Asian Shares On Edge As U.S. Bond Yields Rise, Oil Volatile.
Share markets were jittery in Asia on Wednesday as trading was buffeted by a step-up in U.S. Treasury yields as well as volatile oil prices in the face of price-cooling moves by the United States and other nations.
MSCI’s broadest index of Asia-Pacific shares outside Japan slipped 0.05%, while Japan’s benchmark Nikkei stock price index fell 1.62% as investors returned from a holiday and caught up with global falls the day before.
European stocks are expected to open flat, with both Euro Stoxx futures and Britain’s FTSE futures little changed, though concerns about rising COVID-19 cases in the region cast a shadow on the outlook.
“The infections in Europe are getting worse than many have anticipated and some investors would naturally worry that the U.S. could soon follow a similar path,” said Koichi Fujishiro, senior economist at Dai-ichi Life Research in Tokyo.
Oil steadied a day after rising 3% to a one-week high, even after the U.S. said it would release millions of barrels of oil from strategic reserves in coordination with China, India, South Korea, Japan and Britain to try and cool prices after repeated calls for more crude failed to sway OPEC+ producers.
Brent crude futures reversed early losses to rise 0.11% to $82.40 a barrel and U.S. crude futures rose 0.31% to $78.74 a barrel.
“There’s a lot going on at the moment,” said senior Asia economist Carlos Casanova at Swiss private bank UBP.
“Ten-year yields are rising, and the U.S. dollar is strong, which is a little bit disruptive for Asian markets as a lot of the currencies (apart from the Chinese yuan) will depreciate and there will be some outflows on the back of widening real rate differentials.”
However, Chinese asset classes have been holding up relatively well, he said, attributing the strength to the People’s Bank of China removing several hawkish references from Friday’s quarterly monetary policy support, indicating central bank support later this year or early next, “which will provide a floor for equities.”
Chinese blue chips were up 0.3% and are up about 0.7% so far this week, versus a near 1% fall this week in the Asian regional benchmark.
Overnight, yields on 10-year U.S. Treasury notes rose more than 5 basis points (bps) to as high as 1.684% while yields on 30-year Treasury bond gained 6 bps. Two-year U.S. Treasury yields slipped having touched their highest level since March 2020 on Monday. [US/]
“There’s a risk that the Fed may speed up tapering (of its bond-buying stimulus programme) and that in turn means the timetable for tightening may be brought forward, contributing to the stronger dollar,” said currency strategist Sim Moh Siong at Bank of Singapore.
Investors will be scrutinising the minutes of the U.S. Federal Reserve policy committee’s November meeting to be published later in the day for clues on whether the pace of its tapering could accelerate.
Non-interest bearing gold, which had reacted poorly to the rise in Treasury yields, recovered a little. The spot price was last at $1,794 up 0.2% but still close to Tuesday’s two-week low. [GOL/]

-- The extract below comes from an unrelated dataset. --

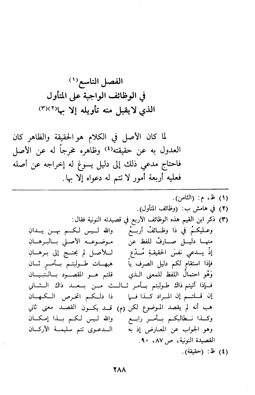 الفصل التاسع: في الوظائف الواجبة على المتأول الذي لا يقبل منه تأويله إلا بها
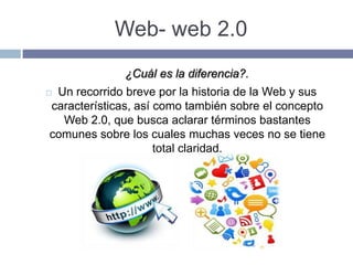 Este documento proporciona información sobre la web y la web 2.0. Explica que la web fue creada por Tim Berners-Lee a finales de los años 80 como un sistema hipertextual para compartir información. La web 2.0 se refiere a las nuevas posibilidades de relaciones sociales a través de Internet, como publicar y compartir contenido generado por usuarios a través de servicios como Blogger, Facebook y Twitter. La principal diferencia es que la web 2.0 no es una evolución de la web, sino una forma de utilizar sus posibilidades para la comunic

Major currencies are largely trading based on market expectations of central banks’ interest rate normalisation schedules.
New Zealand’s central bank raised interest rates for the second time in as many months on Wednesday, driven by inflationary pressures and as an easing of coronavirus restrictions supported economic activity.
However, with markets having been open to the possibility of a larger hike, the New Zealand dollar weakened 0.6% to $0.6928.
The Turkish lira remained under pressure, falling almost 2% in early trade to 13.057 per dollar after a historic nosedive on Tuesday as President Tayyip Erdogan defended recent rate cuts and vowed to win his “economic war of independence”.
Otherwise, currency markets paused for breath on Wednesday as the dollar largely held onto recent gains against most peers on the back of rising Treasury yields.
However, the greenback did manage to edge up marginally to hit a four-and-a-half-year top of 115.22 yen.